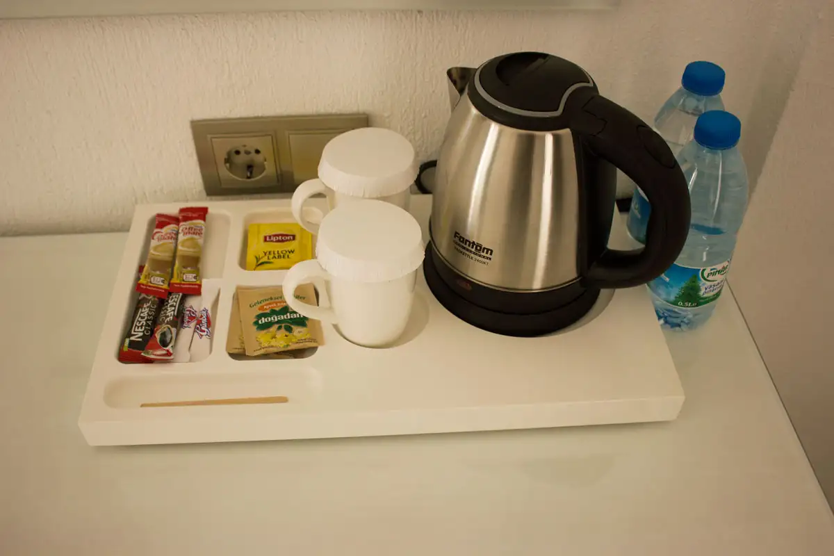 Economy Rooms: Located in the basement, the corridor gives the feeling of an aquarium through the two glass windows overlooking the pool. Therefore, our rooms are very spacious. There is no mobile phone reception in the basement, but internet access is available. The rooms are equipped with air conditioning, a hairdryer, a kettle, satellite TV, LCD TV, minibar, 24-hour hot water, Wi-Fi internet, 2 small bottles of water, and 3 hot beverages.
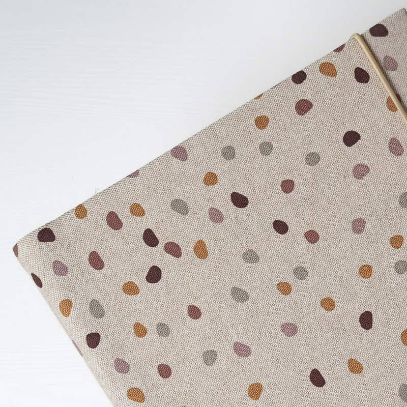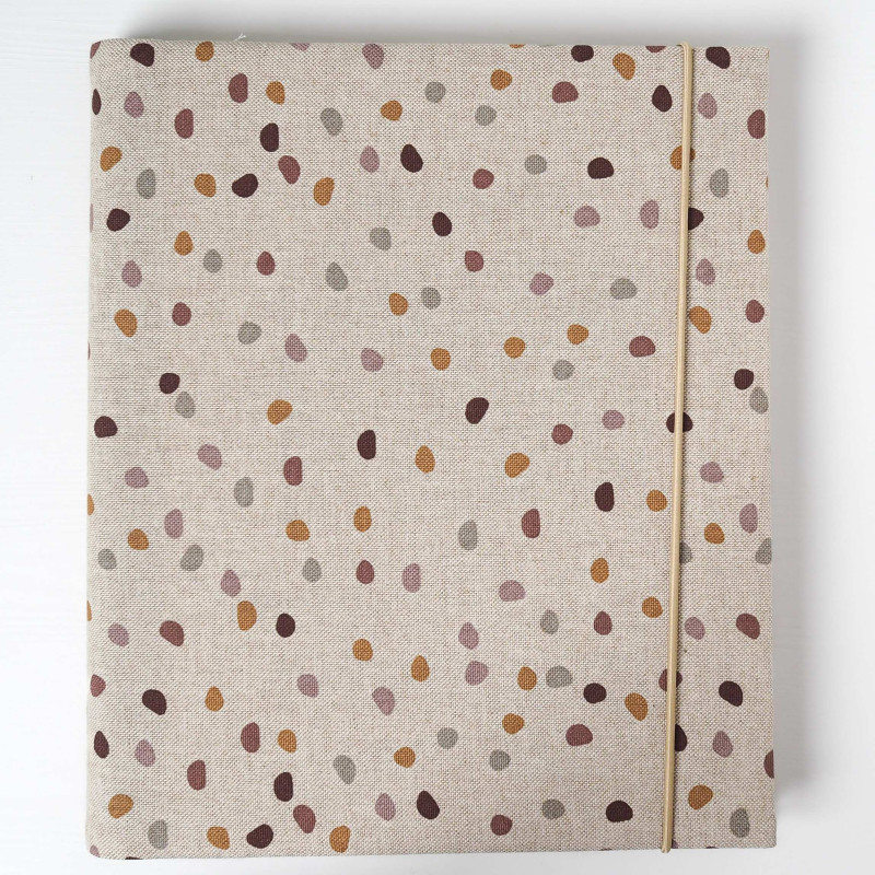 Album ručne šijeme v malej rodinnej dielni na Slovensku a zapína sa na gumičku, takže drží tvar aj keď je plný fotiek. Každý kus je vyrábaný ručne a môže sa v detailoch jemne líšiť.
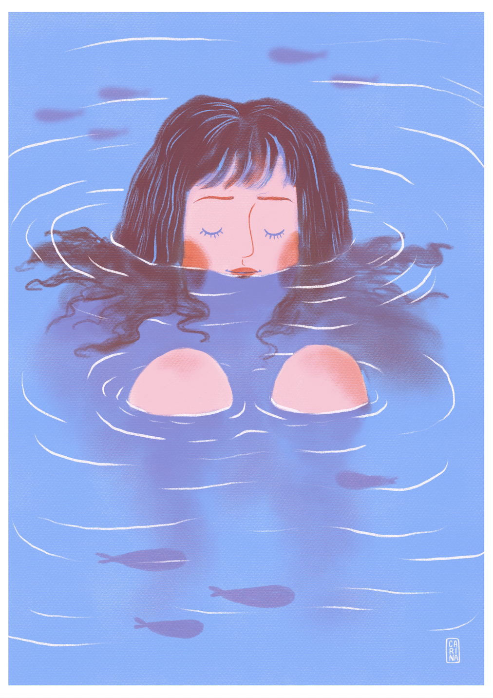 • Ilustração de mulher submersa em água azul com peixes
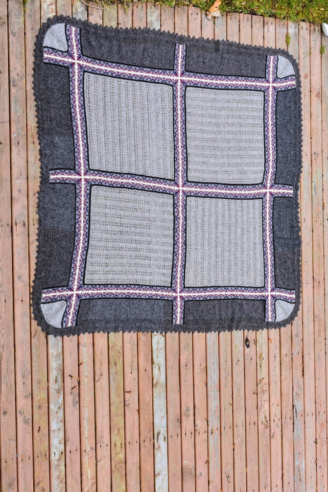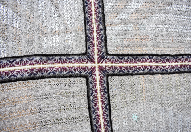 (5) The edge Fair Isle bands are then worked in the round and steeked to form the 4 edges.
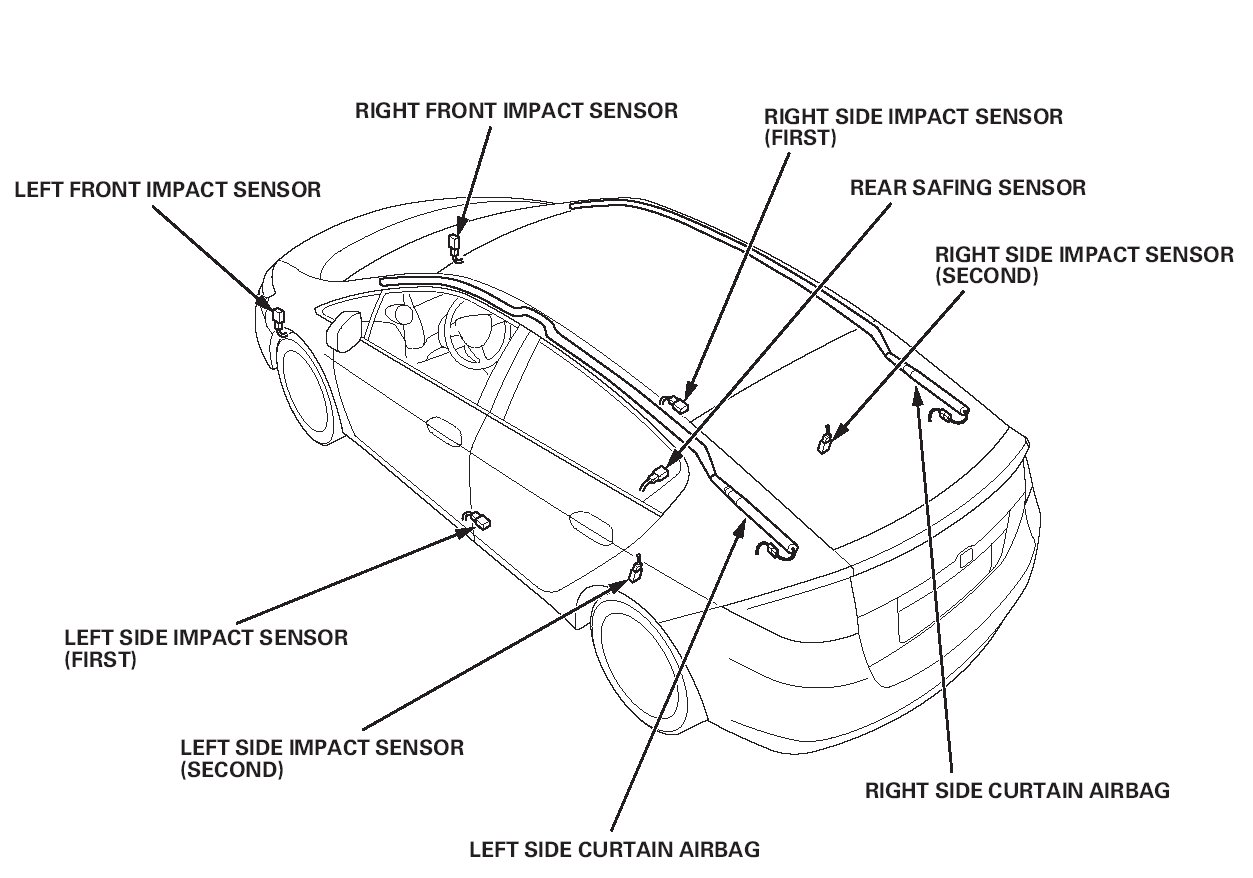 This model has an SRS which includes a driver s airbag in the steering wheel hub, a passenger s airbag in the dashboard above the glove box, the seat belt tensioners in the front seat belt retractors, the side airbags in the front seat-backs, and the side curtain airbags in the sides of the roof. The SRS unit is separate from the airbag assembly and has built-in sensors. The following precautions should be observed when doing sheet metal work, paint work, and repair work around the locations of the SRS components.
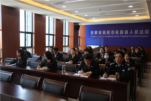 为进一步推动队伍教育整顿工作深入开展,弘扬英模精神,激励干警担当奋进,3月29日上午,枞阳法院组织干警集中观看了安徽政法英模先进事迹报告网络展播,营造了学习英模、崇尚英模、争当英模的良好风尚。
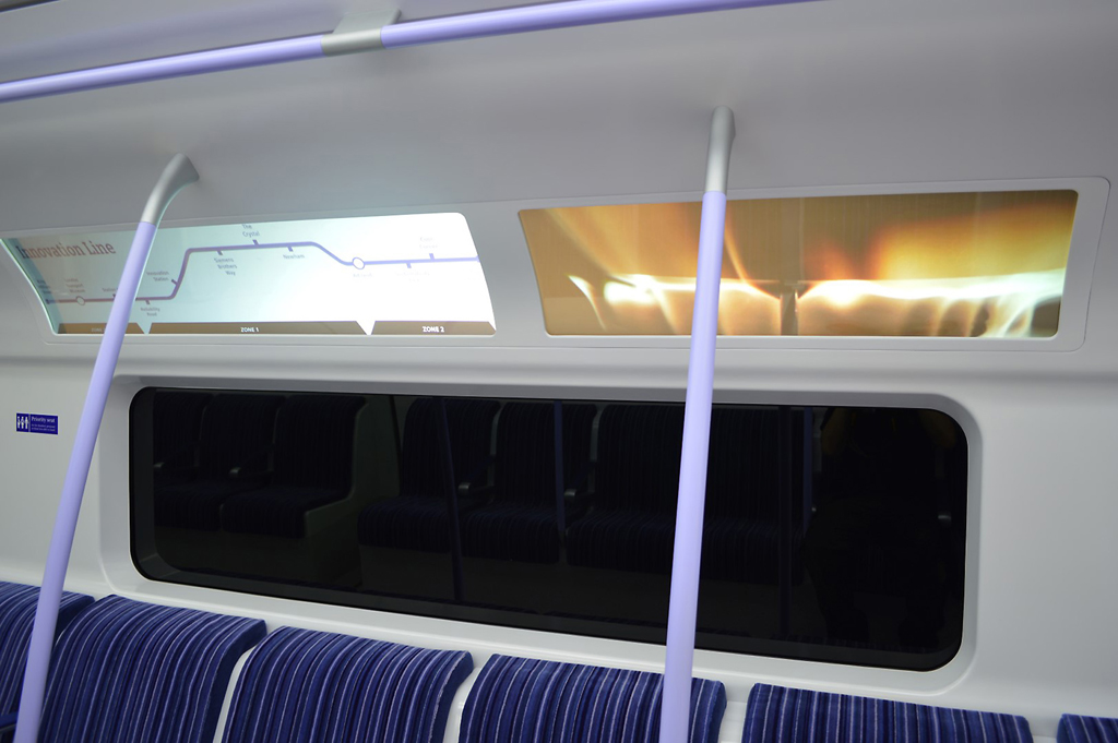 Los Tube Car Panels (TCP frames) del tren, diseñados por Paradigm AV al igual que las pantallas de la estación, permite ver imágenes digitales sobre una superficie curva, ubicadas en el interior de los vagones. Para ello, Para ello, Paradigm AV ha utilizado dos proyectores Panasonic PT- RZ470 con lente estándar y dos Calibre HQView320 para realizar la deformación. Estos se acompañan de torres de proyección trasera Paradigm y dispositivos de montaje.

##########

*TRY IT:* An exact copy of the listing is required; return it without any pictures.

*EXERCISE RESPONSE:*
 Economy Rooms: Located in the basement, the corridor gives the feeling of an aquarium through the two glass windows overlooking the pool. Therefore, our rooms are very spacious. There is no mobile phone reception in the basement, but internet access is available. The rooms are equipped with air conditioning, a hairdryer, a kettle, satellite TV, LCD TV, minibar, 24-hour hot water, Wi-Fi internet, 2 small bottles of water, and 3 hot beverages.
 Album ručne šijeme v malej rodinnej dielni na Slovensku a zapína sa na gumičku, takže drží tvar aj keď je plný fotiek. Každý kus je vyrábaný ručne a môže sa v detailoch jemne líšiť.
 • Ilustração de mulher submersa em água azul com peixes
 (5) The edge Fair Isle bands are then worked in the round and steeked to form the 4 edges.
 This model has an SRS which includes a driver s airbag in the steering wheel hub, a passenger s airbag in the dashboard above the glove box, the seat belt tensioners in the front seat belt retractors, the side airbags in the front seat-backs, and the side curtain airbags in the sides of the roof. The SRS unit is separate from the airbag assembly and has built-in sensors. The following precautions should be observed when doing sheet metal work, paint work, and repair work around the locations of the SRS components.
 为进一步推动队伍教育整顿工作深入开展,弘扬英模精神,激励干警担当奋进,3月29日上午,枞阳法院组织干警集中观看了安徽政法英模先进事迹报告网络展播,营造了学习英模、崇尚英模、争当英模的良好风尚。
 Los Tube Car Panels (TCP frames) del tren, diseñados por Paradigm AV al igual que las pantallas de la estación, permite ver imágenes digitales sobre una superficie curva, ubicadas en el interior de los vagones. Para ello, Para ello, Paradigm AV ha utilizado dos proyectores Panasonic PT- RZ470 con lente estándar y dos Calibre HQView320 para realizar la deformación. Estos se acompañan de torres de proyección trasera Paradigm y dispositivos de montaje.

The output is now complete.